REPUBLIKA.CO.ID, JAKARTA -- Keputusan tingkat pertama RUU Pilkada telah diambil di Komisi II DPR, Rabu (24/9) sore. Seluruh fraksi, perwakilan DPD, dan Kementerian Dalam Negeri sebagai inisiator sepakat membawa hasil pembahasan RUU Pilkada ke tingkat dua pada rapat paripurna DPR, Kamis (25/9) besok.
Ketua Panja RUU Pilkada Abdul Hakam Naja mengatakan, terdapat tujuh kluster yang dibahas oleh panja. Kluster pertama, mekanisme pemilihan kepala daerah.
Kedua, sistem pemilihan paket atau non-paket. Ketiga, menyangkut syarat pencalonan dan kaitannya dengan politik dinasti.
Keempat, tugas dan wewenang wakil kepala daerah. Kluster kelima, penyelesaian sengketa. Keenam, pelaksanaan pilkada serentak. Ketujuh, menyangkut sistem pendanaan penyelenggaraan pilkada.
Meski telah berlangsung lama, tidak dicapai kesepakatan mengenai tujuh kluster tersebut dari semua fraksi, DPD, dan pemerintah.

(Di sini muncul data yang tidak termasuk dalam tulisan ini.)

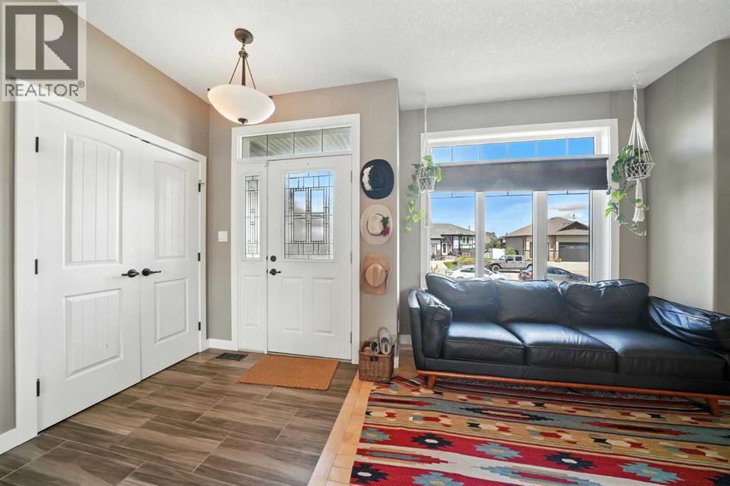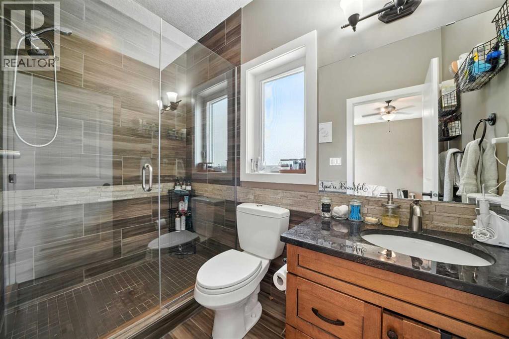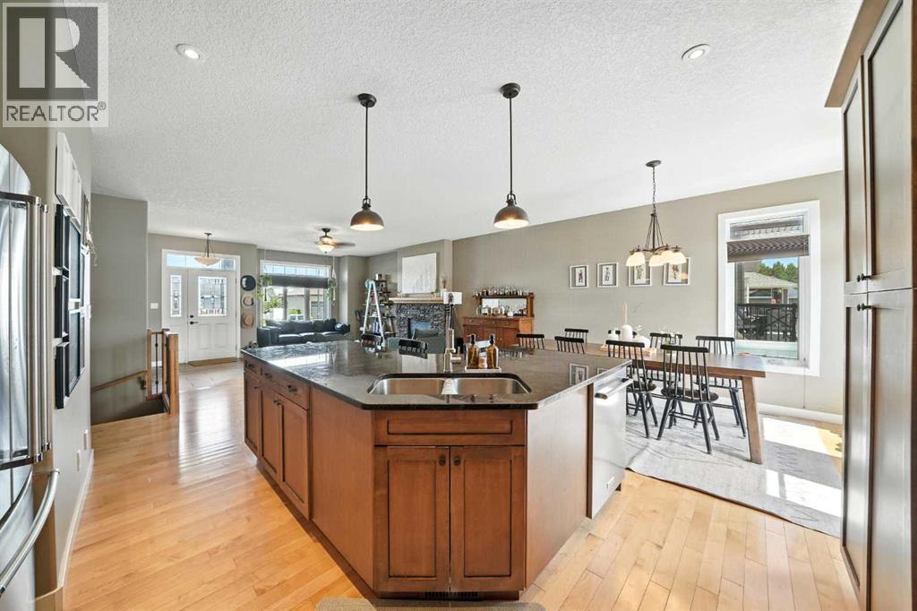 Have you been waiting for the perfect bungalow to hit the market in Olds? Don’t miss your chance to view this one. Situated on a large lot, this fully finished bungalow has plenty of room for the whole family. As you enter the front door, you will immediately notice the large open floor plan from the living room to the kitchen. Hardwood floors flow seamlessly throughout. The kitchen is complete with granite countertops, maple cabinets, and new stainless steel appliances. The living room has large windows and a stone gas fireplace. The eating area can accommodate any size table with extra room to spare. Move down the hall to find your primary bedroom. The oversized bedroom can accommodate all your large furniture pieces. It is finished off with a walk-in closet and an en-suite featuring a dreamy custom tile shower. To complete the upstairs, you will find two additional bedrooms and another four-piece bathroom. Head down the stairs and you will enter your massive family room with another stone gas fireplace. This room can accommodate all your furniture with extra space for gym equipment, desks, and a play area. The family room also features a wet bar for entertaining. The basement is finished with two more great-sized bedrooms and your third full bathroom. Off of the kitchen, you can access your maintenance-free deck overlooking your huge yard. Plenty of space for entertaining. To top it all off, this bungalow comes complete with a double attached garage with high ceiling. Situated in a family-friendly neighborhood right across the street from a school, this well-cared-for, fully finished bungalow awaits its new owners. (id:63190)

Kluster yang disepakati secara bulat oleh semua fraksi hanya yang berhubungan dengan penyelesaian sengketa, pelaksanaan pilkada serentak, dan sistem pendanaan.
Sementara, terkait mekanisme pemilihan, sistem paket atau non-paket, politik dinasti, tugas dan wewenang wakil kepala daerah belum diraih satu keputusan bulat.
"Sehingga masih ada dua kategori besar yang berbeda, antara mekanisme langsung atau lewat DPRD. Lalu paket pemilihan kepala daerah bersamaan dengan wakil, atau hanya pemilihan kepala daerah saja," jelas Hakam.
"Opsi-opsi ini akan dibawa ke paripurna untuk diambil keputusan bersama. Tapi tetap bonggol besarnya, mekanisme langsung atau tidak langsung dan sistem paket atau non-paket," ujarnya.
Pada pandangan mini fraksi, Pemilihan sistem paket didukung Fraksi PKS, PKB, Hanura, dan PAN. Sementara sistem non-paket, atau pemilihan wakil kepada daerah diusulkan kepala daerah terpilih diajukan oleh Fraksi Partai Demokrat, PDIP, Golkar, Gerindra, dan PPP.
Untuk pengaturan politik dinasti, lima fraksi mendukung calon kepala daerah yang memiliki hubungan perkawinan, kekerabatan langsung yakni orang tua dan anak. Sementara kekerabatan ke samping seperti saudara kandung, menantu dengan petahana dilarang maju.
Jika ingin mencalonkan diri harus menunggu jeda satu periode atau lima tahun setelahnya. Sementara Fraksi PDIP, Golkar, PKB, dan Hanura sepakat pembatasan tidak berlaku bagi hubungan orangtua dan anak.